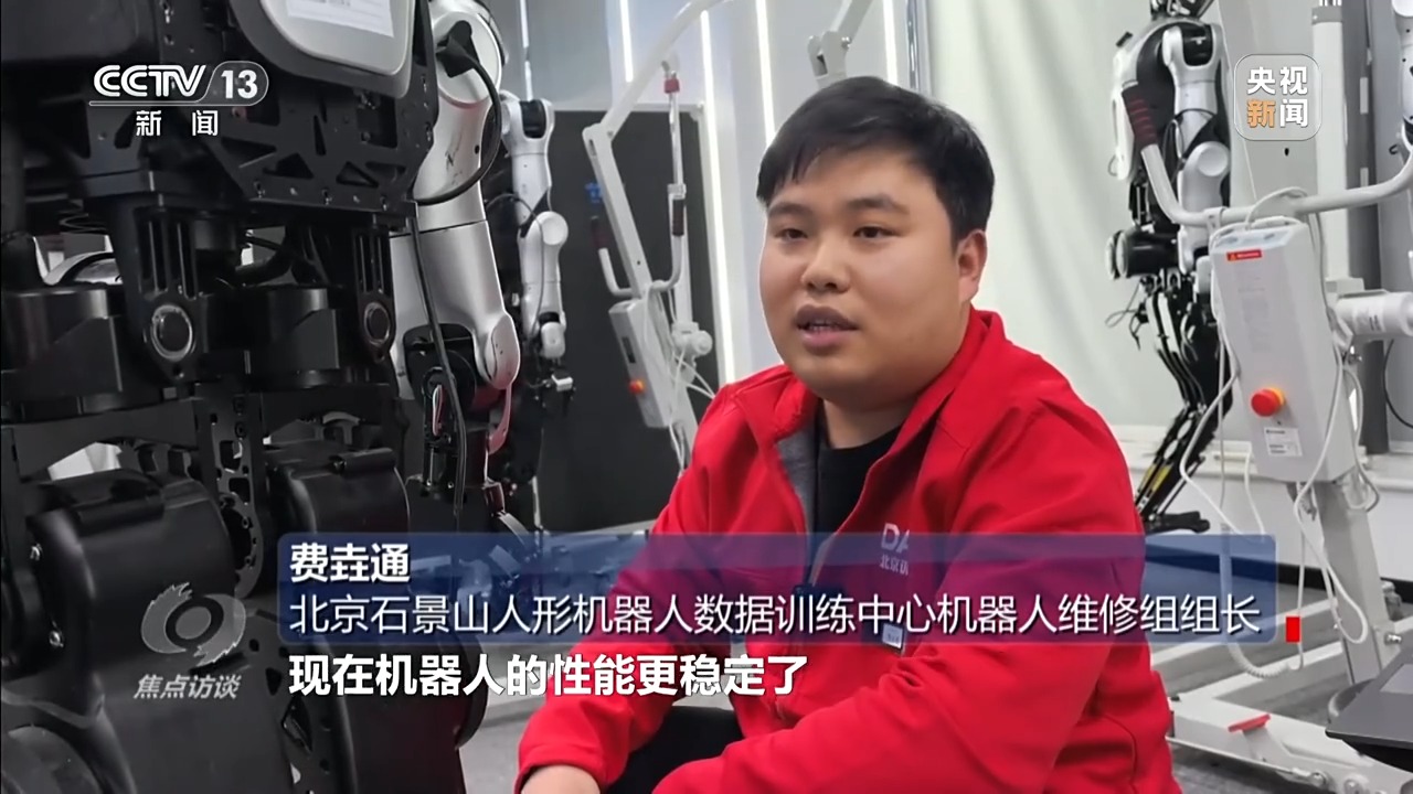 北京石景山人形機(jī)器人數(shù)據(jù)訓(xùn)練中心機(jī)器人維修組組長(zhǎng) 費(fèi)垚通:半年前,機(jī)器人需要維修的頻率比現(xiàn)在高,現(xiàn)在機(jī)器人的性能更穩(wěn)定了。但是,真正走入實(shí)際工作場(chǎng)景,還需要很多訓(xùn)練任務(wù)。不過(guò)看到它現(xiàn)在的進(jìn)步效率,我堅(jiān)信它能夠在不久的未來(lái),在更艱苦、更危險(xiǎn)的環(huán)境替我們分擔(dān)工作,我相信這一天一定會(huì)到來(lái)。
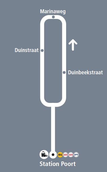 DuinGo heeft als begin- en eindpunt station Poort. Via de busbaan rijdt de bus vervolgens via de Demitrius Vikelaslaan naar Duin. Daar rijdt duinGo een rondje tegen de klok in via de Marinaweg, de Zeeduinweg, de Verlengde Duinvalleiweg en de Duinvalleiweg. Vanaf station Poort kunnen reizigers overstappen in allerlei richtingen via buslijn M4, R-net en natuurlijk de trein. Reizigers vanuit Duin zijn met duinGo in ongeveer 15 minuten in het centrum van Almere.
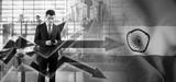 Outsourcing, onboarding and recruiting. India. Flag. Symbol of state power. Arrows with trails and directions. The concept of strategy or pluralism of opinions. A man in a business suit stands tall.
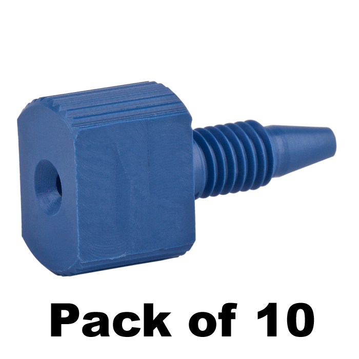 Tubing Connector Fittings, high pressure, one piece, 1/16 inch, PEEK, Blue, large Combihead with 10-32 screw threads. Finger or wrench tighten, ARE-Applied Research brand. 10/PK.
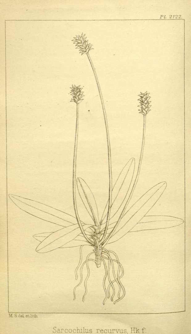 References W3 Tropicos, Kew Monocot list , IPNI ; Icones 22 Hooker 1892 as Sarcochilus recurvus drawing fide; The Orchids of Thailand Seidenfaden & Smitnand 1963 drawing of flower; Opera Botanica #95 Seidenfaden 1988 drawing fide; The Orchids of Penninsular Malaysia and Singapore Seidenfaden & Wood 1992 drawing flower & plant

## EXERCISE
Reproduce the lines above letter for letter. The pictures stay behind.

## ANSWER SECTION
 北京石景山人形機(jī)器人數(shù)據(jù)訓(xùn)練中心機(jī)器人維修組組長(zhǎng) 費(fèi)垚通:半年前,機(jī)器人需要維修的頻率比現(xiàn)在高,現(xiàn)在機(jī)器人的性能更穩(wěn)定了。但是,真正走入實(shí)際工作場(chǎng)景,還需要很多訓(xùn)練任務(wù)。不過(guò)看到它現(xiàn)在的進(jìn)步效率,我堅(jiān)信它能夠在不久的未來(lái),在更艱苦、更危險(xiǎn)的環(huán)境替我們分擔(dān)工作,我相信這一天一定會(huì)到來(lái)。
 DuinGo heeft als begin- en eindpunt station Poort. Via de busbaan rijdt de bus vervolgens via de Demitrius Vikelaslaan naar Duin. Daar rijdt duinGo een rondje tegen de klok in via de Marinaweg, de Zeeduinweg, de Verlengde Duinvalleiweg en de Duinvalleiweg. Vanaf station Poort kunnen reizigers overstappen in allerlei richtingen via buslijn M4, R-net en natuurlijk de trein. Reizigers vanuit Duin zijn met duinGo in ongeveer 15 minuten in het centrum van Almere.
 Outsourcing, onboarding and recruiting. India. Flag. Symbol of state power. Arrows with trails and directions. The concept of strategy or pluralism of opinions. A man in a business suit stands tall.
 Tubing Connector Fittings, high pressure, one piece, 1/16 inch, PEEK, Blue, large Combihead with 10-32 screw threads. Finger or wrench tighten, ARE-Applied Research brand. 10/PK.
 References W3 Tropicos, Kew Monocot list , IPNI ; Icones 22 Hooker 1892 as Sarcochilus recurvus drawing fide; The Orchids of Thailand Seidenfaden & Smitnand 1963 drawing of flower; Opera Botanica #95 Seidenfaden 1988 drawing fide; The Orchids of Penninsular Malaysia and Singapore Seidenfaden & Wood 1992 drawing flower & plant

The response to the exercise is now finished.